OneVision-Encoder:以编解码器对齐的稀疏性作为多模态智能的基础原则
OneVision-Encoder: Codec-Aligned Sparsity as a Foundational Principle for Multimodal Intelligence
February 9, 2026
作者: Feilong Tang, Xiang An, Yunyao Yan, Yin Xie, Bin Qin, Kaicheng Yang, Yifei Shen, Yuanhan Zhang, Chunyuan Li, Shikun Feng, Changrui Chen, Huajie Tan, Ming Hu, Manyuan Zhang, Bo Li, Ziyong Feng, Ziwei Liu, Zongyuan Ge, Jiankang Deng
cs.AI
摘要
**假说**:人工通用智能本质上是一个压缩问题。有效压缩需要共振——当深度学习架构与数据的底层结构对齐时,其扩展性最佳。这些是基本原则。然而,现代视觉架构已偏离这些本质:视觉信号具有高度冗余性,而判别性信息(即信息熵)却十分稀疏。现有模型对密集像素网格进行均匀处理,将大量算力浪费在静态背景上,而非聚焦于定义运动与语义的预测残差。我们认为,解决视觉理解问题必须让架构与视频的信息论原则(即编解码器原理)对齐。
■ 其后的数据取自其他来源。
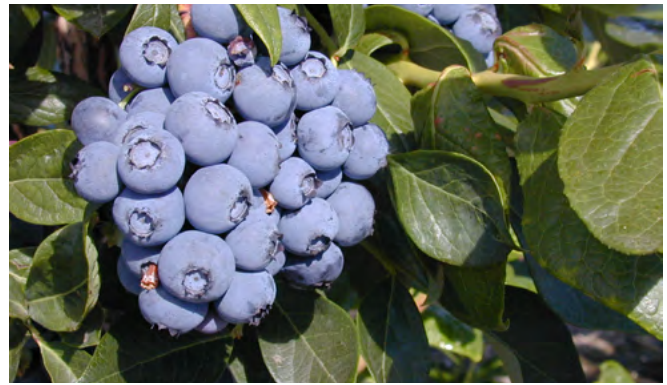
'Duke' (northern highbush)

**方法**:OneVision-Encoder通过将预测性视觉结构压缩为语义信息来实现视频编码。通过采用编解码器分块化技术,OV-Encoder摒弃均匀计算,专注处理仅占3.1%-25%的高信号熵区域。为在非规则令牌布局下统一时空推理,该模型采用共享3D旋转位置编码,并基于超百万语义概念进行大规模聚类判别训练,同时捕捉物体恒常性与运动动态。
**实证**:结果验证了核心假说——效率与精度并非权衡关系,而是正向关联。集成至大语言模型后,其在16项图像、视频及文档理解基准测试中持续超越Qwen3-ViT、SigLIP2等强视觉骨干网络,且使用的视觉令牌数和预训练数据量显著更少。尤其在视频理解任务上,OV-Encoder相较Qwen3-ViT平均提升4.1%。编解码器对齐的块级稀疏性作为基本原则,使OV-Encoder成为支撑下一代通用视觉模型的可扩展引擎。
English
Hypothesis. Artificial general intelligence is, at its core, a compression problem. Effective compression demands resonance: deep learning scales best when its architecture aligns with the fundamental structure of the data. These are the fundamental principles. Yet, modern vision architectures have strayed from these truths: visual signals are highly redundant, while discriminative information, the surprise, is sparse. Current models process dense pixel grids uniformly, wasting vast compute on static background rather than focusing on the predictive residuals that define motion and meaning. We argue that to solve visual understanding, we must align our architectures with the information-theoretic principles of video, i.e., Codecs.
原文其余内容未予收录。